You can combine multiple analytical models with multiple neural networks for best of both worlds:

import torch
import torch.nn as nn
from torchebm.core import BaseModel, GaussianModel


class CompositionalModel(BaseModel):
    def __init__(self, input_dim=2, hidden_dim=64):
        super().__init__()

        self.analytical_component = GaussianModel(
            mean=torch.zeros(input_dim),
            cov=torch.eye(input_dim)
        )

        self.neural_component = nn.Sequential(
            nn.Linear(input_dim, hidden_dim),
            nn.SELU(),
            nn.Linear(hidden_dim, hidden_dim),
            nn.SELU(),
            nn.Linear(hidden_dim, 1)
        )

        self.alpha = nn.Parameter(torch.tensor(0.5))

    def forward(self, x):
        analytical_energy = self.analytical_component(x)

        neural_energy = self.neural_component(x).squeeze(-1)

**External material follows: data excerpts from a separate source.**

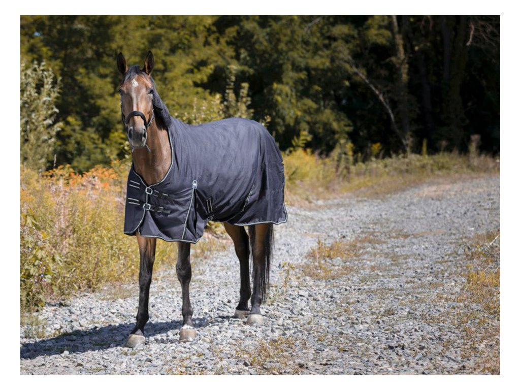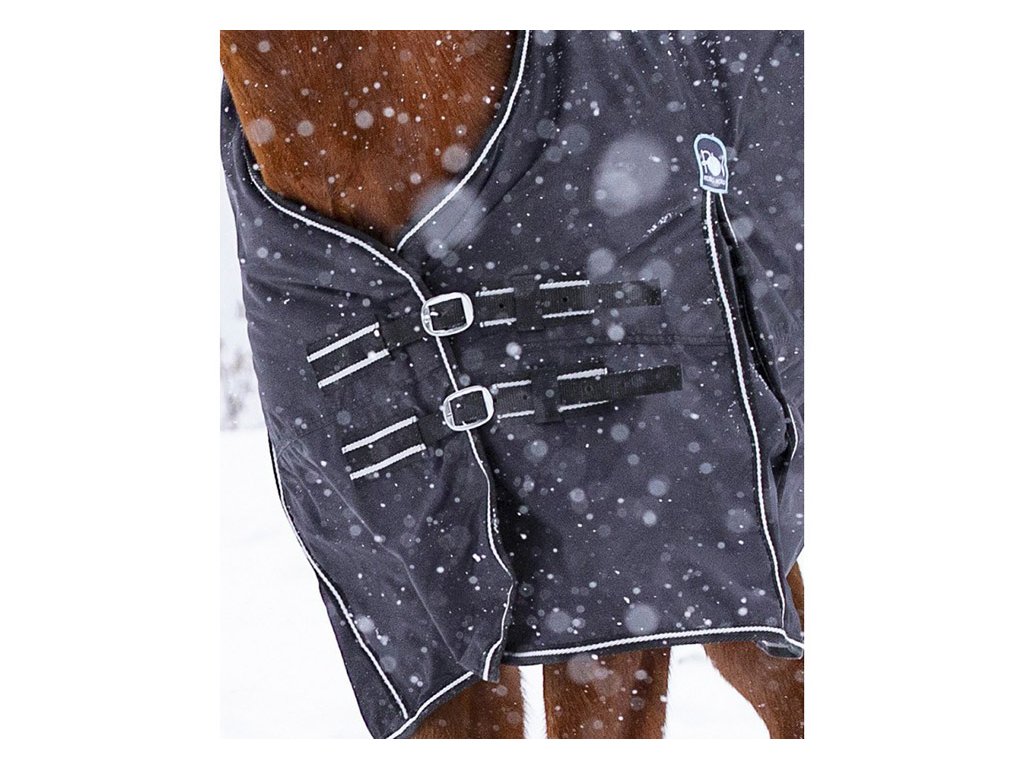 Nepromokavá deka vyrobená z polyesteru 300D s podšívkou z bavlny. Deka má vsazené komfortní klíny pro volnost v pohybu ,vypodložený kohoutek umělým beránkem. Zapínání na plecích na dvě nastavitelné přezky. Deka má křížové zapínání pod břicho, popruhy mezi zadní nohy a kryt ocasu.
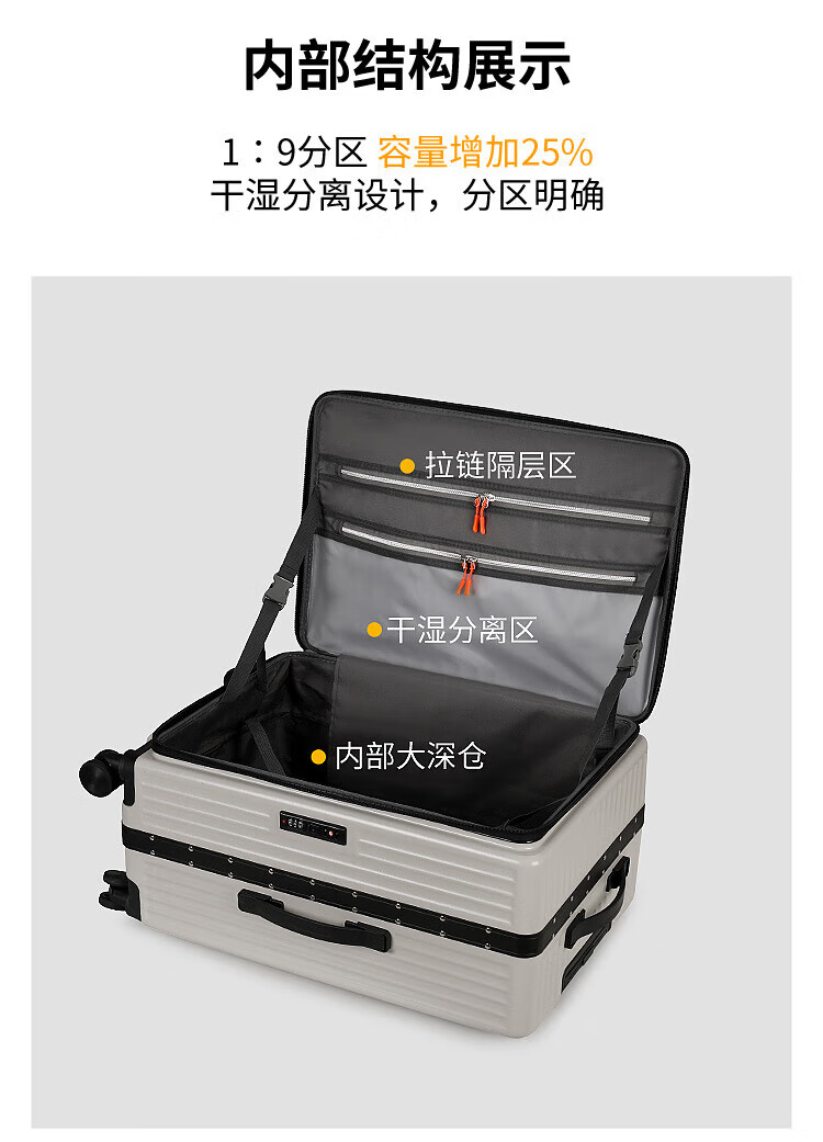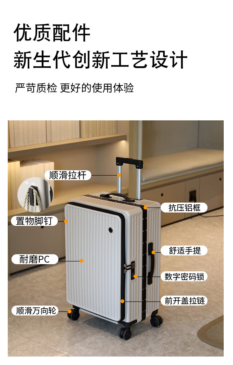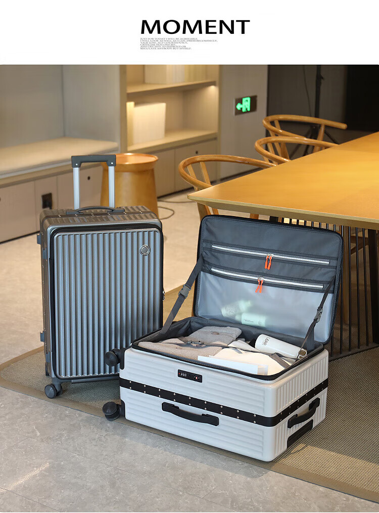 Traveler suitcase, check-in-free, boarding suitcase, extra-large capacity side-opening trolley case, password-protected suitcase, piano gray, side-opening flip-top aluminum frame - can seat 28 inches, checked abroad - 80% of people choose
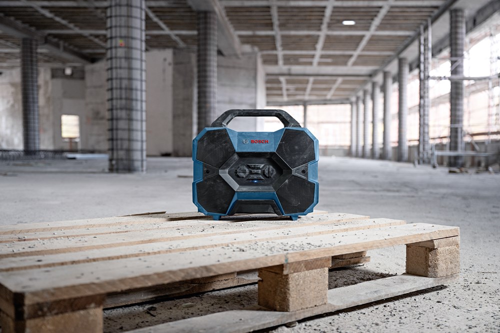 Vul de werk- of bouwplaats zonder gedoe met favoriete muziek. Onze bouwspeaker GPB 18V-6 C Professional levert uitstekend kristalhelder geluid via Bluetooth®, USB of Multi-Speaker Sound. Met Multi-Speaker Sound kunnen muziekstreams op meerdere compatibele apparaten via Bluetooth® worden gedeeld en aangesloten. Met de hoge volume-instelling is de muziek te horen hoe veel lawaai er ook op de bouwplaats is. Bovendien kan deze intuïtieve speaker eenvoudig worden ingesteld en gebruikt. En dankzij de leds is het oplaadniveau van de accu altijd bekend. De GPB 18V-6 C Professional heeft een USB-poort voor het opladen van smartphones. Deze heeft ook een eenvoudig verwijderingsmechanisme voor 18V-accu's: trek eenvoudig aan de hendel en de accu wordt ontgrendeld en uitgeworpen – de rode knop hoeft niet te worden ingedrukt en er hoeft niet te worden gemorreld om de accu uit het accuvak te krijgen. Er kan een beschermend frame worden aangebracht om de robuustheid van de Bluetooth® speaker te vergroten. De bouwspeaker kan ook achteraf worden aangepast om deze volledig compatibel te maken met ons L-BOXX Mobility systeem: breng de L-BOXX-adapters eenvoudig op de GPB 18V-6 C Professional aan en loop ermee weg. Het beschermend frame en de L-BOXX-adapters zijn allebei verkrijgbaar als vervangingsonderdelen.
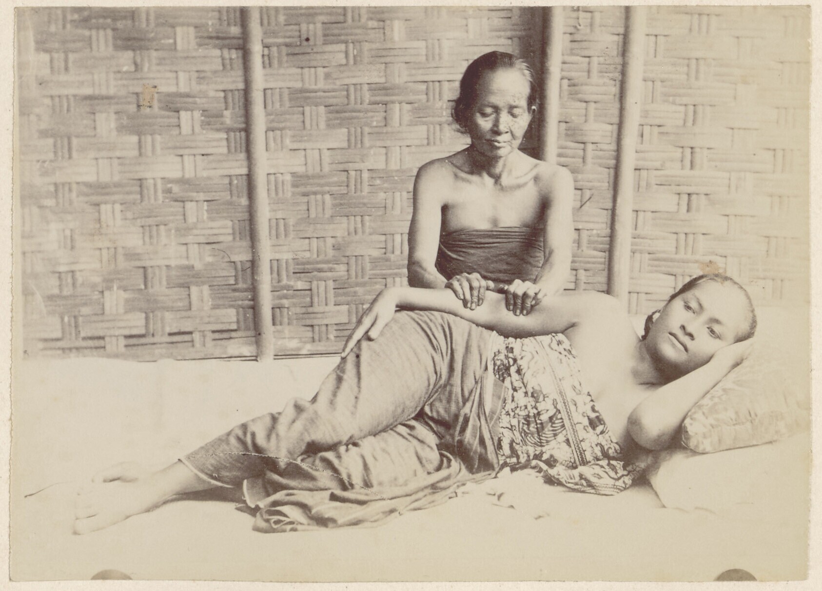 Studioportret van twee Javaanse vrouwen tijdens het ...
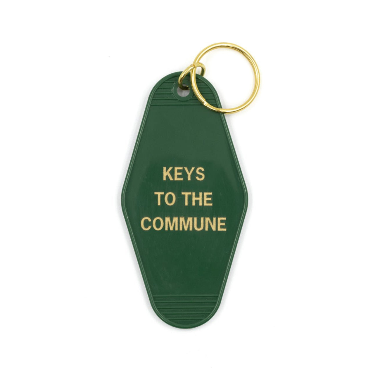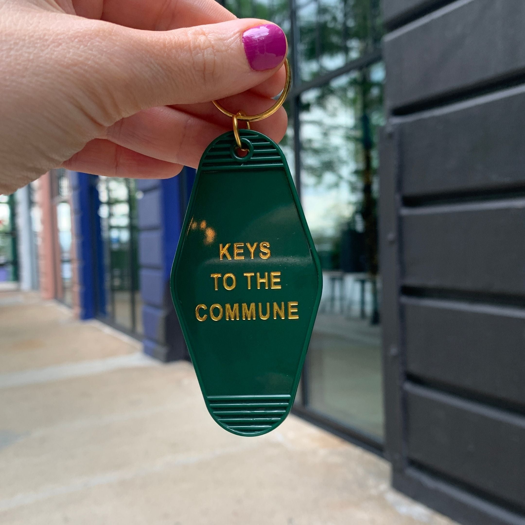 Looking for unique vintage-inspired keychains with a twist? This retro motel-style keychain combines nostalgic design with witty (communal? communist?) humor, featuring bold green and gold colors that make it easy to spot in your bag. Perfect for anyone who loves collectible keychains, mid-century motel aesthetics, or just wants to make a statement about communal living.
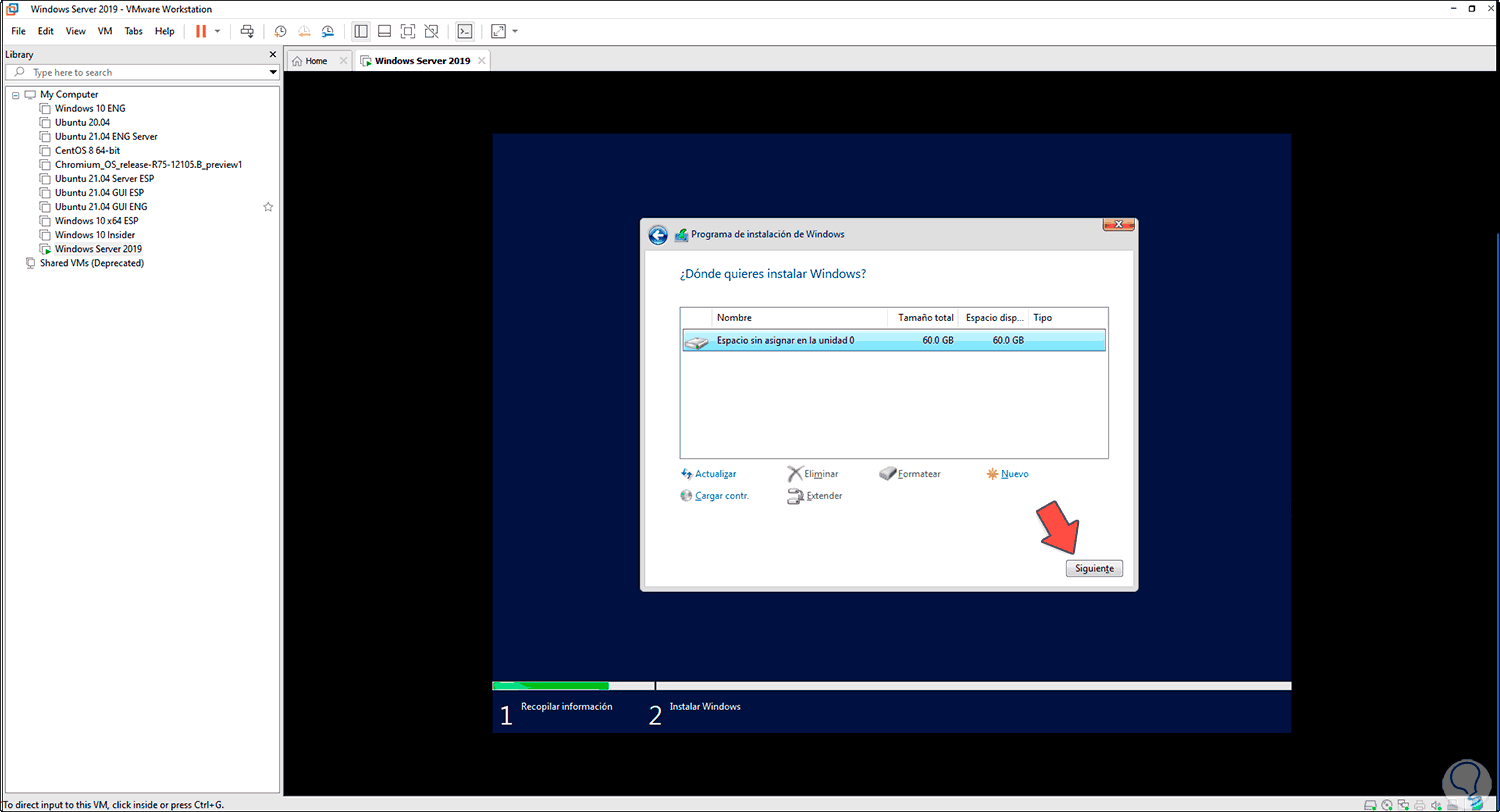 Por último, seleccionamos el disco e inicia el proceso de instalación de Windows Server 2022:
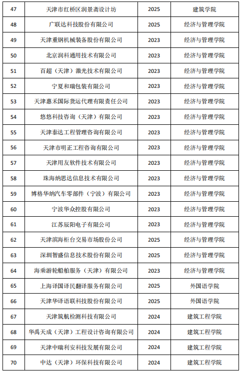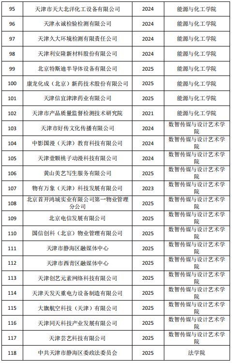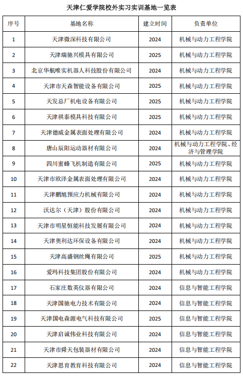 实习实训是人才培养的重要组成部分,是深化课堂教学的重要环节,是学生了解社会、接触生产实际,获取、掌握生产现场相关知识的重要途径,在培养学生实践能力、创新精神,树立事业心、责任感等方面有着重要作用。天津仁爱学院现有校外实习实训基地129个(校内不同单位在同一企业建立实习实践实训基地,不重复统计),分布在机械与动力工程学院、信息与智能工程学院、智算工程学院等12个学院(部处)。众多实习实训基地的建立,为学生实习实践,学以致用提供了平台,极大程度提升了我校实践教学水平,助力学生成长成才,服务经济社会发展。
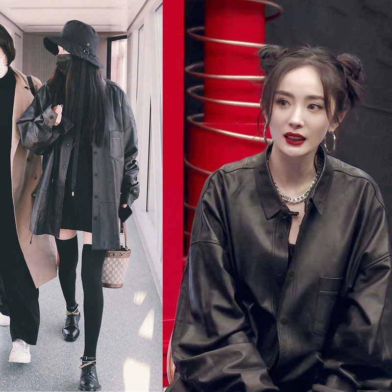 Yang Mi star’s same style women’s spring and autumn French motorcycle PU leather jacket mid-length style black shirt clothes
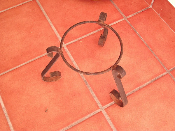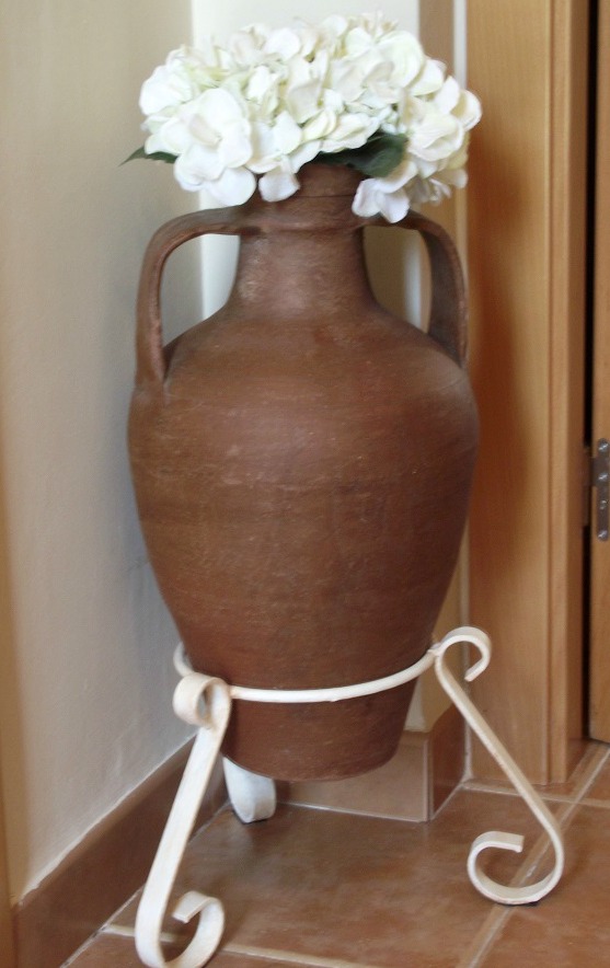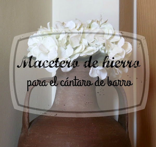 En realidad este soporte de hierro no fue creado para un cántaro sino para una maceta, porque los cántaros no eran objetos de decoración sino útiles de diario, cubrían la necesidad de traer el agua a casa desde el pozo además la mantenían fresca. Al menos éste de las fotos, un cántaro que me regaló mi suegra hace años y que me encanta, mucho más que un cántaro nuevo, porque se ve que realmente ha estado en uso muchos años. Por eso decidí darle un lugar preferente en la casa del pueblo, e izarlo del suelo con el soporte de hierro que os enseño.

        alpha = torch.sigmoid(self.alpha)
        combined_energy = alpha * analytical_energy + (1 - alpha) * neural_energy

        return combined_energy

Training Strategies¶

Training neural network models requires special techniques:

Contrastive Divergence¶

A common approach is contrastive divergence, which minimizes the energy of data samples while maximizing the energy of samples from the model:

loss_fn = ContrastiveDivergence(
    model=model,
    sampler=sampler,
    k_steps=10,  # Number of MCMC steps
    persistent=False,  # Set to True for Persistent Contrastive Divergence
    device=device,
)

def train_step_contrastive_divergence(data_batch):
    optimizer.zero_grad()

    loss, neg_samples = loss_fn(data_batch)

    loss.backward()

    optimizer.step()

    return loss.item()

Score Matching¶

Score matching is another approach that avoids the need for MCMC sampling:

sm_loss_fn = ScoreMatching(
    model=model,
    hessian_method="hutchinson",
    hutchinson_samples=5,
    device=device,
)

batch_loss = train_step_contrastive_divergence(data_batch)

Tips for Neural Network Models¶

Start Simple: Begin with a simple architecture and gradually increase complexity
Regularization: Use weight decay or spectral normalization to prevent extreme energy values
Gradient Clipping: Apply gradient clipping during training to prevent instability
Initialization: Careful initialization of weights can help convergence
Monitoring: Track energy values during training to ensure they stay in a reasonable range
Batch Normalization: Use with caution as it can affect the shape of the energy landscape
Residual Connections: Can help with gradient flow in deeper networks

Conclusion¶

Neural network models provide a powerful way to model complex distributions in energy-based models. By leveraging the flexibility of deep learning architectures, you can create expressive models that capture intricate patterns in your data.

Remember to carefully design your architecture, choose appropriate training methods, and monitor the behavior of your model during training and sampling.